Das frühere Rasthaus habe sich, wie Hain im Rückblick auf den Umbau sagte, "sehr gut" für die Einrichtung einer Klinik geeignet. So verfüge das Gebäude nicht nur über breite Gänge, die man für den Transport von Betten benötige. Ebenso sei in dem Gebäude viel Platz vorhanden gewesen, Aufzüge zu bauen. Und die Zimmer hätten von Haus aus die "richtige Größe" besessen, die für eine Beherbergung der Patienten benötigt würde.

Rund 200 Arbeitsplätze entstehen mit dem "Medical Park Chiemseeblick". Die Keimzelle der Klinik bildet die Fachabteilung Psychosomatik der Klinik "Medical Park Prien Kronprinz". Die Abteilung zieht von Prien nach Bernau ans Chiemseeufer. Über 30 Mitarbeiter gehen mit - 175 Stellen für Ärzte, Therapeuten und Pflegepersonal sind neu zu besetzen. "Wir haben schon über 1000 Bewerbungen erhalten", sagte Hain.
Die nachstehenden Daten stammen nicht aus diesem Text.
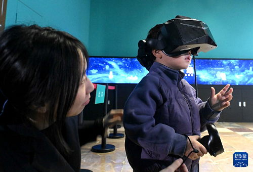 1月13日,小朋友在河北博物院數(shù)字互動(dòng)體驗(yàn)展中體驗(yàn)。(新華社發(fā) 陳其保 攝)

Drei Kliniken unterhält das Unternehmen Freiberger künftig am Chiemsee: den "Medical Park Prien Kronprinz" sowie in Bernau den "Medical Park Chiemsee" und den "Medical Park Chiemseeblick". Und mit dann insgesamt rund 600 Betten ergebe sich für den größten Reha-Betrieb in Bayern ein "zweiter Schwerpunkt" am Bayerischen Meer - neben dem Tegernseer Tal mit dem "Medical Park Bad Wiessee St. Hubertus" und 500 Betten.